*** EXERCISE DATA Section Begins ***

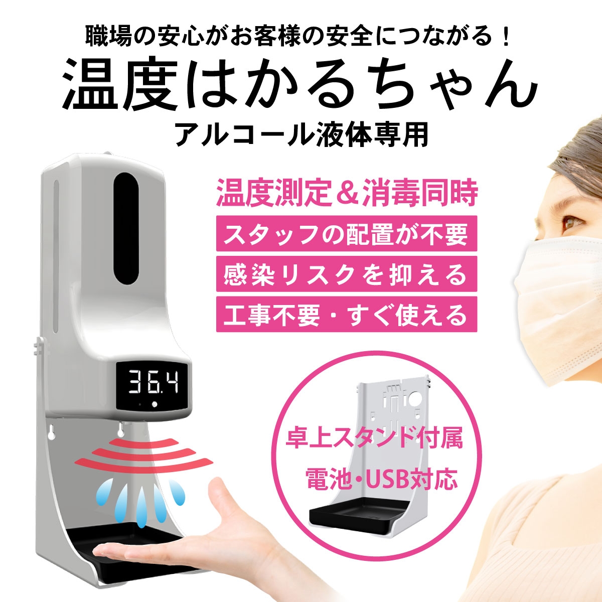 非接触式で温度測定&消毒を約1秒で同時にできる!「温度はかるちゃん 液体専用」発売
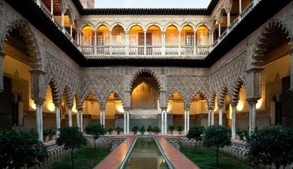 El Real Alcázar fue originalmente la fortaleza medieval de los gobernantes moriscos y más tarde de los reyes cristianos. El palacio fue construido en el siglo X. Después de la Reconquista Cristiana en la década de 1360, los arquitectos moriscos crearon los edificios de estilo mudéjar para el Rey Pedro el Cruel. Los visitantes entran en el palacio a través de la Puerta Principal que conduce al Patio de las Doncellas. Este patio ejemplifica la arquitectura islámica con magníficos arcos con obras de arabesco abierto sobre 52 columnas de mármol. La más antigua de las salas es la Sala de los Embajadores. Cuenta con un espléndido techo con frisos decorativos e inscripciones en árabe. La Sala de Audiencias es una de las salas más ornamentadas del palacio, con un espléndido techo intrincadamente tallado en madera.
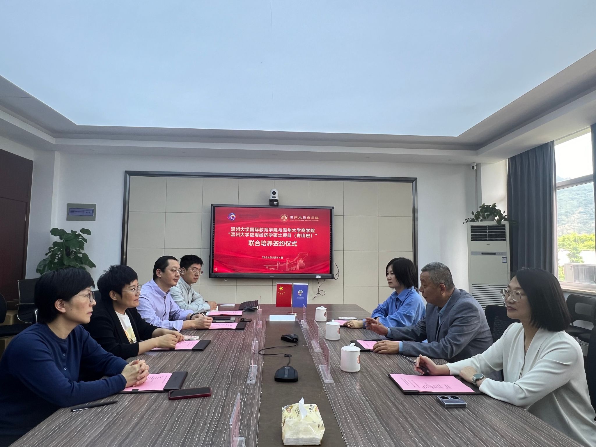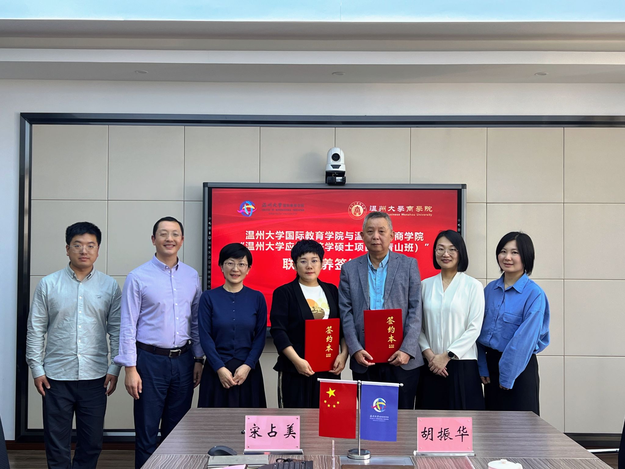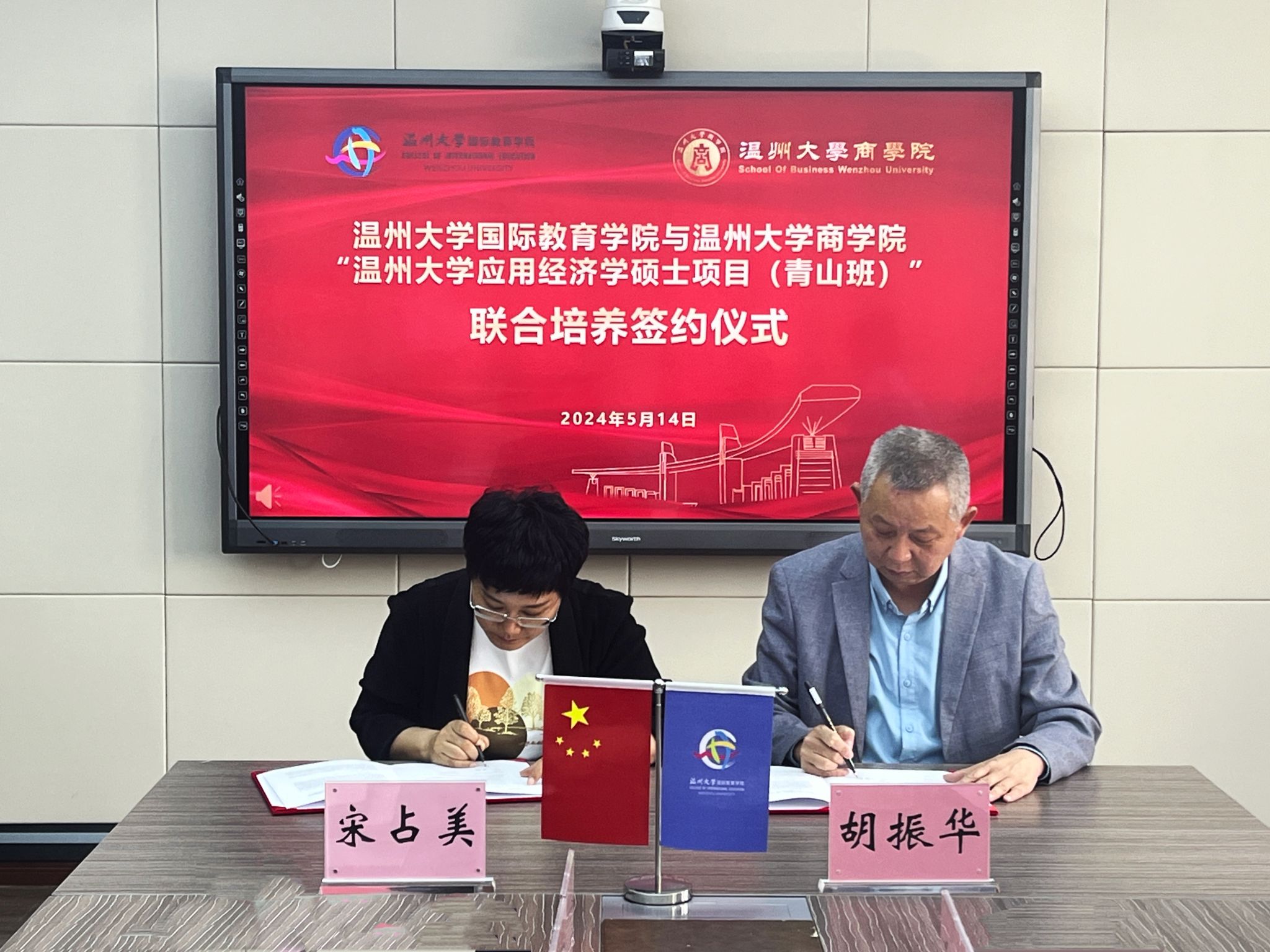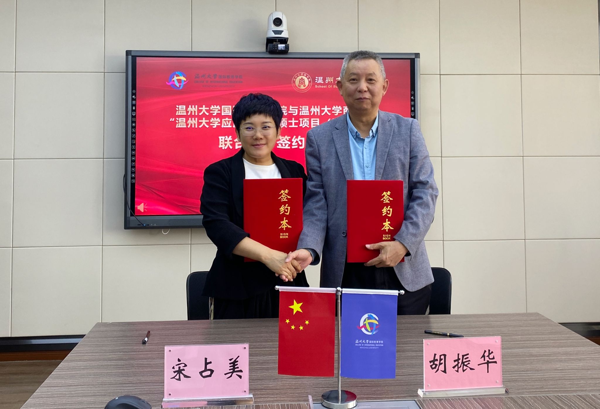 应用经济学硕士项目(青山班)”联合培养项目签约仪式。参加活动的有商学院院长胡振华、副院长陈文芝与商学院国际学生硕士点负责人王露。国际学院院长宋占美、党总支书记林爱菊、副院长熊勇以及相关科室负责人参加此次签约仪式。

*** EXERCISE DATA Section Ends ***
*** EXERCISE DATA Section Begins ***

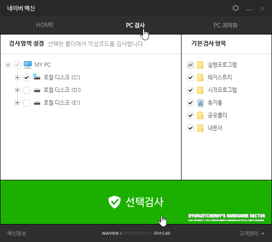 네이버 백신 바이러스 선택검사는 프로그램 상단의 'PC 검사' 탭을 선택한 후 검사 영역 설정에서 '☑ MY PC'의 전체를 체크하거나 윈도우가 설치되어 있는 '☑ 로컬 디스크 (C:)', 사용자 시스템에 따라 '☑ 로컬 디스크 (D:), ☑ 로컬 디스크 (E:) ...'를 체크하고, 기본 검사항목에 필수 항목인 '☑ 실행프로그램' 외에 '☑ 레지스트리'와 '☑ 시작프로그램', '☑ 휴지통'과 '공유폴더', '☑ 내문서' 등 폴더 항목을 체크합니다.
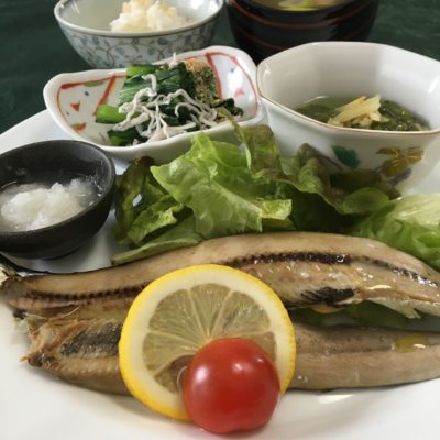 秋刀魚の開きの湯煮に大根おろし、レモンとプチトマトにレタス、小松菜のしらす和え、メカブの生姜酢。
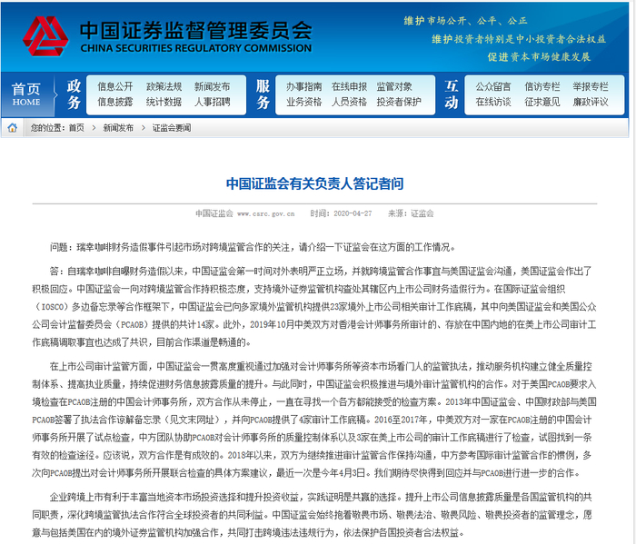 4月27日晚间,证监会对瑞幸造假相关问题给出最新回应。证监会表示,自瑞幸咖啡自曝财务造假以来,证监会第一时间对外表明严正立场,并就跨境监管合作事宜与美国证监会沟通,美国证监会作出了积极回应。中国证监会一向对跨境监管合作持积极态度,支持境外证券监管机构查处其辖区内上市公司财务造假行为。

*** EXERCISE DATA Section Ends ***

* [EXERCISE PROMPT]
Pictures excluded, reproduce only the part above that opens with the line holding "네이버 백신 바이러스" and closes with the line holding "4月27日晚间,证监会对瑞幸", exactly as written.

* [SOLUTION FOR THIS TASK]
 네이버 백신 바이러스 선택검사는 프로그램 상단의 'PC 검사' 탭을 선택한 후 검사 영역 설정에서 '☑ MY PC'의 전체를 체크하거나 윈도우가 설치되어 있는 '☑ 로컬 디스크 (C:)', 사용자 시스템에 따라 '☑ 로컬 디스크 (D:), ☑ 로컬 디스크 (E:) ...'를 체크하고, 기본 검사항목에 필수 항목인 '☑ 실행프로그램' 외에 '☑ 레지스트리'와 '☑ 시작프로그램', '☑ 휴지통'과 '공유폴더', '☑ 내문서' 등 폴더 항목을 체크합니다.
 秋刀魚の開きの湯煮に大根おろし、レモンとプチトマトにレタス、小松菜のしらす和え、メカブの生姜酢。
 4月27日晚间,证监会对瑞幸造假相关问题给出最新回应。证监会表示,自瑞幸咖啡自曝财务造假以来,证监会第一时间对外表明严正立场,并就跨境监管合作事宜与美国证监会沟通,美国证监会作出了积极回应。中国证监会一向对跨境监管合作持积极态度,支持境外证券监管机构查处其辖区内上市公司财务造假行为。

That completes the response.